This is a guest post from Tom Armitage, our collaborator on the V&A Spelunker. It’s our second internal R&D project, and we released it last week.
Early on in the process of making the V&A Spelunker – almost a few hours in – I said to George something along the lines of “I’m really trying to focus on sketching and not engineering right now“. We ended up discussing that comment at some length, and it’s sat with me throughout the project. And it’s what I wanted to think about a little now that the Spelunker is live.
For me, the first phase of any data-related project is material exploration: exploring the dataset, finding out what’s inside it, what it affords, and what it hints at. That exploration isn’t just analytical, though: we also explore the material by sketching with it, and seeing what it can do.
The V&A Spelunker is an exploration of a dataset, but it’s also very much a sketch – or a set of sketches – to see what playing with it feels like: not just an analytical understanding of the data, but also a playful exploration of what interacting with it might be like.
Sketching is about flexibility and a lack of friction.
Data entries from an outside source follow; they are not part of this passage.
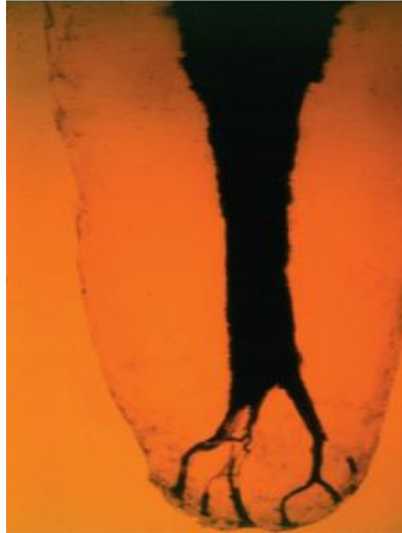
Figura 6 - Pré-molar diafanizado evidenciando a complexidade dos canais na porção apical

patógenos que são eliminados por meio da associação do tratamento convencional associada ao uso do ozônio (CAMPOS et al. , 2018).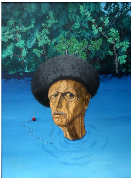
Rudolf Plaček: Sen o Neizvěstném, 1976, olej na plátně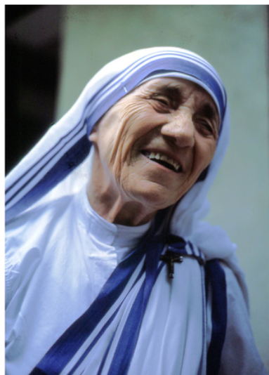
Madre Teresa de Calcuta

«La paz no es solamente la ausencia de la guerra; mientras haya pobreza, racismo, discriminación y exclusión difícilmente podremos alcanzar un mundo de paz»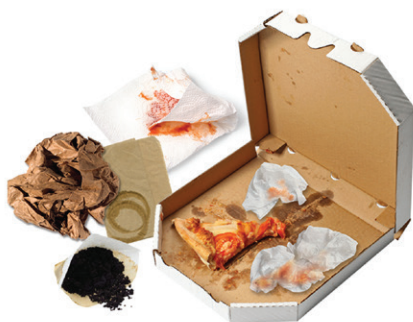
PAPEL MOJADO O SUCIO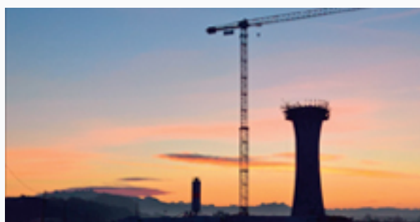
Le stockage de l'eau potable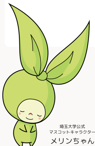
埼玉大学公式 マスコットキャラクター メリンちゃん

引き続き、関係部局等と連携しながら、大学環境改善や埼玉大学構成員の意識啓発に取り組んでまいります。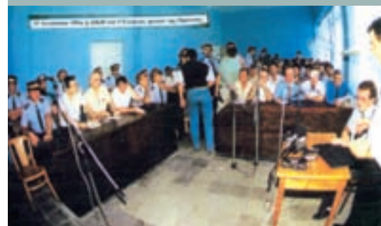
Από τη δίκη των πέντε Ελλήνων ηγετών της Ομόνοιας (1994)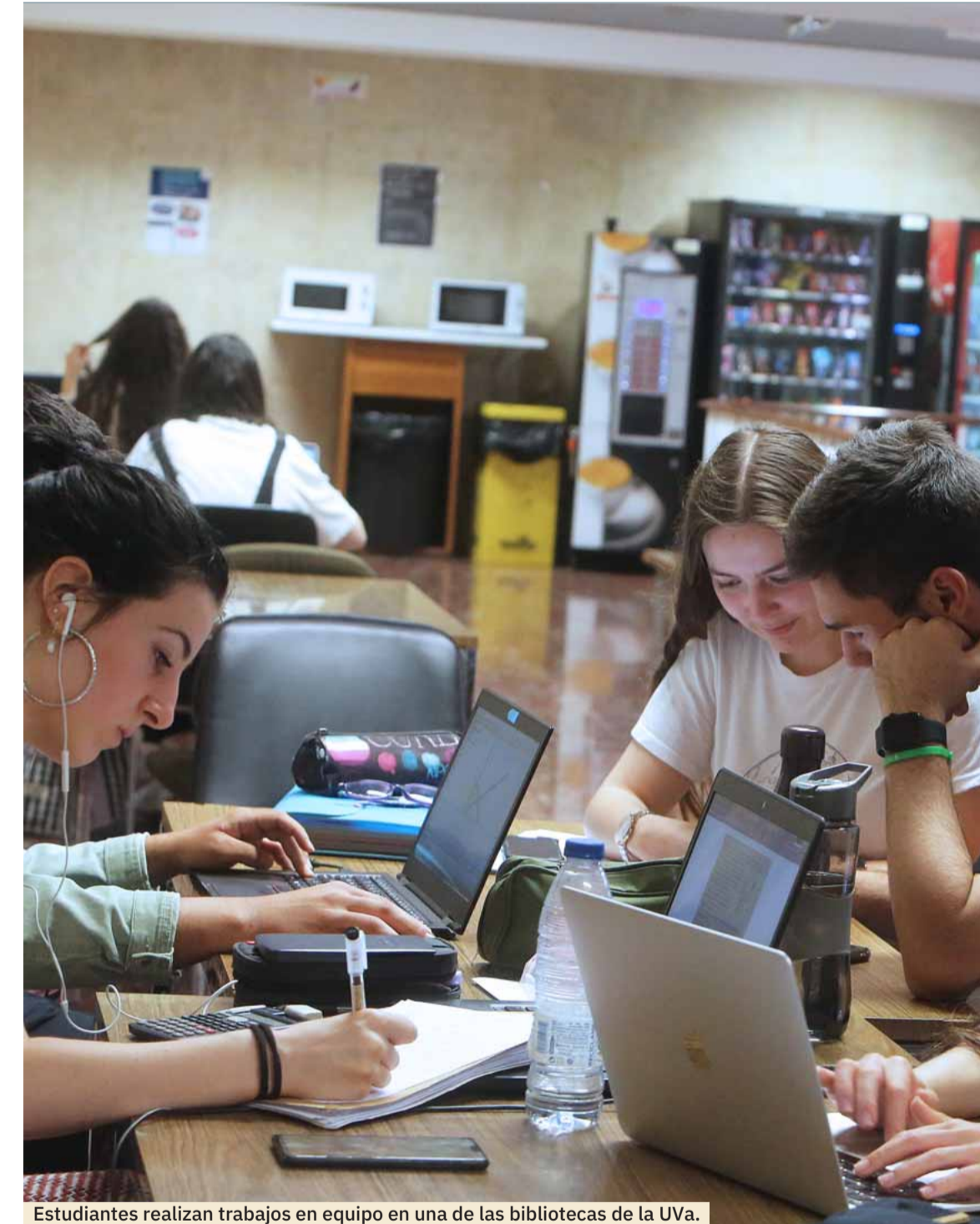
Estudiantes realizan trabajos en equipo en una de las bibliotecas de la UVa.

Las plazas ofertadas para este curso se asignarán a aquellas personas que cumpliendo los requisitos de admisión las soliciten y tengan las calificaciones más altas.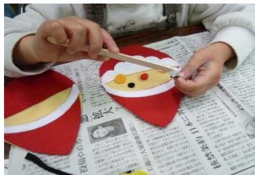
12/15 楽しくつくろう工作教室 【穂波図書館】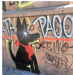
Durante el estallido, los murales del "perro Matapacos" se propagaron en las paredes del centro.

El artista visual licenciado en Estética,

The goal is to get thoughts into the world, to explore them, to see what ideas your hand throws up autonomously. Everything that impedes that makes the sketching less effective. Similarly, everything that makes it hard to change your mind also makes it less effective. It’s why, on paper, we so often sketch with a pencil: it’s easy to rub out and change our mind with, and it also (ideally) glides easily, giving us a range of expression and tone. On paper, we move towards ink or computer-based design as our ideas become more permanent, more locked. Those techniques are often slower to change our minds about, but they’re more robust – they can be reproduced, tweaked, published.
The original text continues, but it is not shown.